:: ACTIVITY ::
Could you give back exactly the lines below from the one with "Don’t miss this" through the one with "L’appartement est exposé", without a single picture?

:: INFORMATION GIVEN ::
= = =

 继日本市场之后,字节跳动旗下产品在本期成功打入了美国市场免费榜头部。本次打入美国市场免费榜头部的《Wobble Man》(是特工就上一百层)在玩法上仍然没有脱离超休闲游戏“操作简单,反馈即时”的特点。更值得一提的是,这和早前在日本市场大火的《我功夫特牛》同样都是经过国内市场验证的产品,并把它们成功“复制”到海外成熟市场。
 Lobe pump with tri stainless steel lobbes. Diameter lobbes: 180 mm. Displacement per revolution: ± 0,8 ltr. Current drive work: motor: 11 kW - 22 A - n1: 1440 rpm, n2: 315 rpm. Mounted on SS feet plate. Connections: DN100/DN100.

= = =

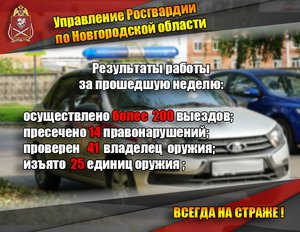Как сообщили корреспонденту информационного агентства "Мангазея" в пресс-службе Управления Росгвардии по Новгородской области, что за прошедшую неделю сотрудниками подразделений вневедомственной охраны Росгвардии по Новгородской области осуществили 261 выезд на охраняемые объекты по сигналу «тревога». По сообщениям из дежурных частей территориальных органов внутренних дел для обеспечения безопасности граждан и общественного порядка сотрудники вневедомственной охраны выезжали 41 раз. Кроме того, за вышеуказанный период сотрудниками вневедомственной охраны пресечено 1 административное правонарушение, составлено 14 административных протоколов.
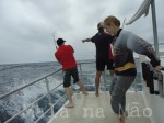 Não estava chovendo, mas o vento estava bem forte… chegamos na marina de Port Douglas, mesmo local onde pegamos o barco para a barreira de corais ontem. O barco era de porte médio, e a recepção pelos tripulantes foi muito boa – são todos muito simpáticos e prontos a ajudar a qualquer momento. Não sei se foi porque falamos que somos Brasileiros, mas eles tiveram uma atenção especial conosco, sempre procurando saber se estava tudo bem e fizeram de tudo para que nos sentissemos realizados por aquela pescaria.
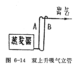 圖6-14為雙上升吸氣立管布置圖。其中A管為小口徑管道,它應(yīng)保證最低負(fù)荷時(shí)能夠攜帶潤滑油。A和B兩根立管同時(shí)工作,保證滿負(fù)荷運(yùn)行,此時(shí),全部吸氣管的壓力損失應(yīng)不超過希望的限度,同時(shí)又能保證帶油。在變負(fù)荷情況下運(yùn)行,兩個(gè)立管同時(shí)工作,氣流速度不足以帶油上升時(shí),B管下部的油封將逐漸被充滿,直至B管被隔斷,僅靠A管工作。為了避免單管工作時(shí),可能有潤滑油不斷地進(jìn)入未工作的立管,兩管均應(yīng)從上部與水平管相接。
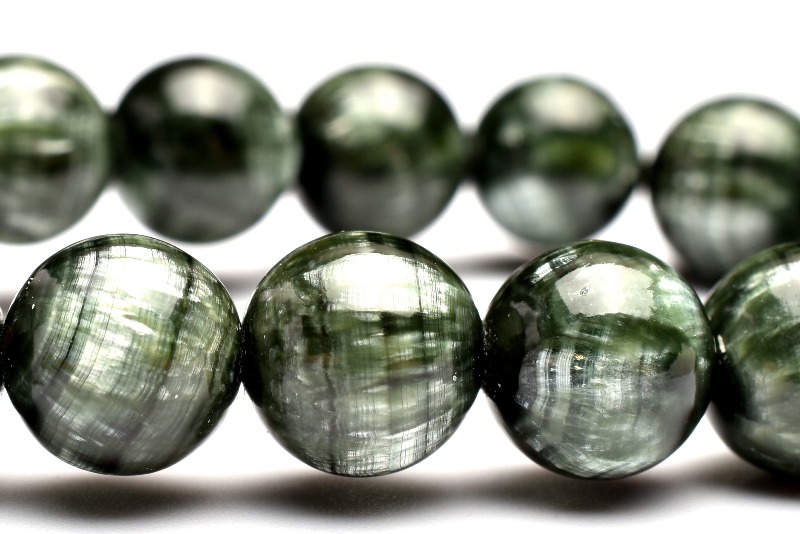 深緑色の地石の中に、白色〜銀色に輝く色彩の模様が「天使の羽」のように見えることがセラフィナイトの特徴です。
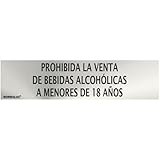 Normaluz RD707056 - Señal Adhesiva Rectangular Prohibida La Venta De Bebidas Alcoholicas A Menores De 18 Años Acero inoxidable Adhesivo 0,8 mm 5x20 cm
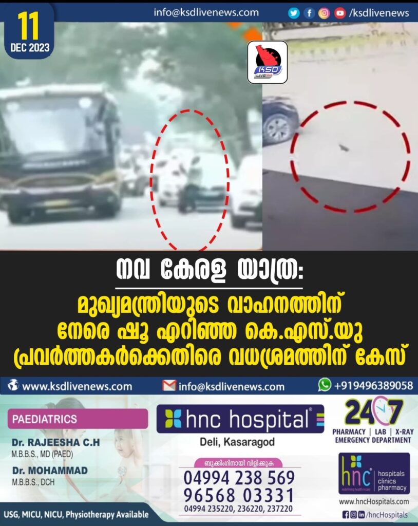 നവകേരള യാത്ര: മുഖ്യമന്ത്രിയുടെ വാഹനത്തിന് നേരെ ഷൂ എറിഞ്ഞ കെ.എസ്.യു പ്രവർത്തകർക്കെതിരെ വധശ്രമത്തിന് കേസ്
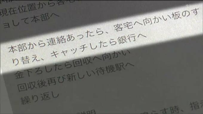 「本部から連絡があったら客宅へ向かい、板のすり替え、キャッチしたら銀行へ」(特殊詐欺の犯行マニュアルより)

= = =

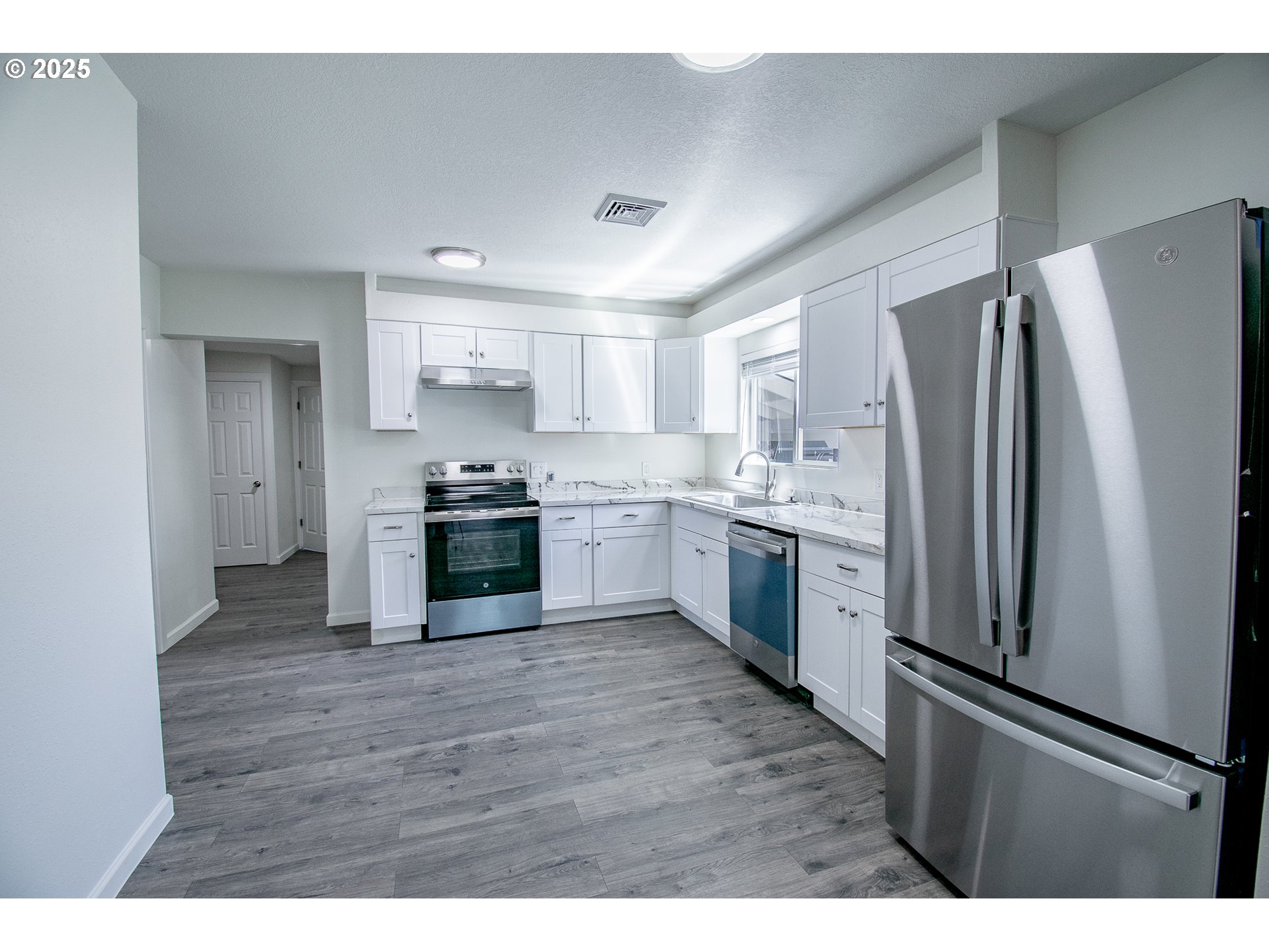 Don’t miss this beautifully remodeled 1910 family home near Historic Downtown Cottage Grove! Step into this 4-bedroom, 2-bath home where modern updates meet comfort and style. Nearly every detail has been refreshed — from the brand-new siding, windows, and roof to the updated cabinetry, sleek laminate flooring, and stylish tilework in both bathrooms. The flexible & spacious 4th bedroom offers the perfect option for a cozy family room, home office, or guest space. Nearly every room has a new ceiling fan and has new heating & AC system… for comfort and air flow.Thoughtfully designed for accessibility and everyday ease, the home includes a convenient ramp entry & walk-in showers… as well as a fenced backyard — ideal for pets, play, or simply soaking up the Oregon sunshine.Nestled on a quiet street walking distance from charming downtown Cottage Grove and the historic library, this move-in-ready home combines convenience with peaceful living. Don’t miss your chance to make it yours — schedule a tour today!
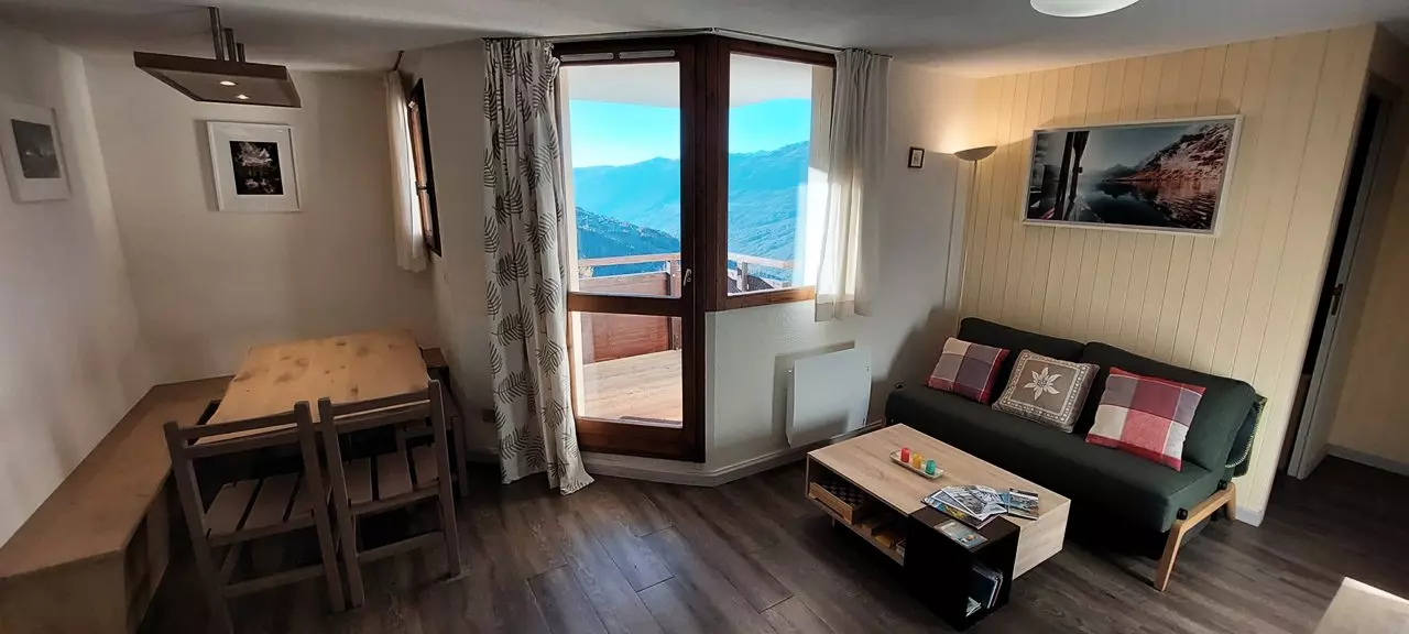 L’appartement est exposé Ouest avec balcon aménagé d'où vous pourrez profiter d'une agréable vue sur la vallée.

= = =

:: EXERCISE OUTPUT ::
 Don’t miss this beautifully remodeled 1910 family home near Historic Downtown Cottage Grove! Step into this 4-bedroom, 2-bath home where modern updates meet comfort and style. Nearly every detail has been refreshed — from the brand-new siding, windows, and roof to the updated cabinetry, sleek laminate flooring, and stylish tilework in both bathrooms. The flexible & spacious 4th bedroom offers the perfect option for a cozy family room, home office, or guest space. Nearly every room has a new ceiling fan and has new heating & AC system… for comfort and air flow.Thoughtfully designed for accessibility and everyday ease, the home includes a convenient ramp entry & walk-in showers… as well as a fenced backyard — ideal for pets, play, or simply soaking up the Oregon sunshine.Nestled on a quiet street walking distance from charming downtown Cottage Grove and the historic library, this move-in-ready home combines convenience with peaceful living. Don’t miss your chance to make it yours — schedule a tour today!
 L’appartement est exposé Ouest avec balcon aménagé d'où vous pourrez profiter d'une agréable vue sur la vallée.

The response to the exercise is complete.